Maria Ordoñez, 23, joined NYPAN in the wake of Sanders’ 2016 campaign and finished second in a crowded field when she ran for a city council seat in 2021. In June, she garnered more than 5300 votes to became the first non-machine candidate from West Harlem’s Assembly District 70 to win a seat on the New York State Democratic Committee in decades.
Ordoñez signed the petition calling for Jacobs’ ouster and is hopeful Hochul will yield as more party officials voice their displeasure. She also uses her position’s bully pulpit to advocate for issues such as affordable housing that are of concern to her community and helps constituents with accessing government services.
“Virtually all of them were born into the political class. And the status quo works for them, even when it’s not at all working for the vast majority of New Yorkers.”
“It’s what you make of it,” Ordoñez said of her position.
Being on the State Committee has allowed her to see the workings of the party up close. Progressives now make up 20% of the state committee, Ordoñez says. They are treated to emails from Jacobs boasting of his accomplishments. In September, the Committee re-elected Jacobs by voice vote lest dissidents have a chance to put their opposition on the record. Despite the hostility progressives face from the party establishment, Ordoñez vows not to walk away.
“I think that the way to create change is through going inside [the party] and getting people involved,” Ordoñez added. “To ignore the Democratic Party is like trying to cover the sun with one finger.”
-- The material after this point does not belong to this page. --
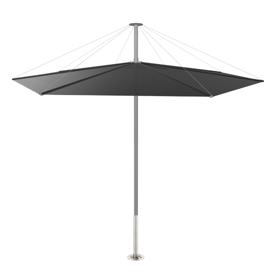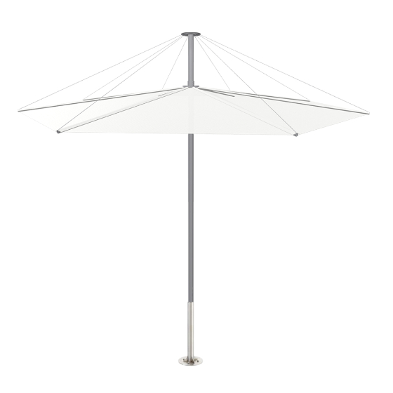 Parasol exterior de capota plana en tubo de acero. Diseño Dirk Wynants.

In 2018, Julia Salazar became the first open socialist elected to the state legislature in almost a century and at 28 years old she became the youngest woman to ever serve in the New York State Senate. She has called for Jacobs’ resignation since last year. She also signed the petition calling for Jacobs’ ouster, but doubts it will have any effect. With Hochul safely re-elected and set to wield power for the next four years, most prominent New York Democrats are publicly avoiding the controversy.
“I think they have no motivation to lead in any meaningful way,” Salazar said of the party’s leaders. “Virtually all of them were born into the political class. And the status quo works for them, even when it’s not at all working for the vast majority of New Yorkers.”
While she’s “begrudgingly” a Democrat, Salazar says she prefers to focus on building her home organization, the New York City chapter of the Democratic Socialists of America. The DSA is a member-led organization which in New York has knocked off a slew of entrenched incumbents in recent years and is active in the militant wing of the labor movement.
“It is strategic and practical for everyone left of center who has electoral politics as a part of our theory of change to continue to participate in Democratic Party politics,” Salazar said. “But we have to simultaneously be building something that is beyond capitalism and is resistant to it and actually represents the interests of working people. Otherwise we’re going to see the Democratic Party continue to reach the limit of being able to represent people’s interests, because its interests are always going to be split between capital and the wealthy versus the working class.”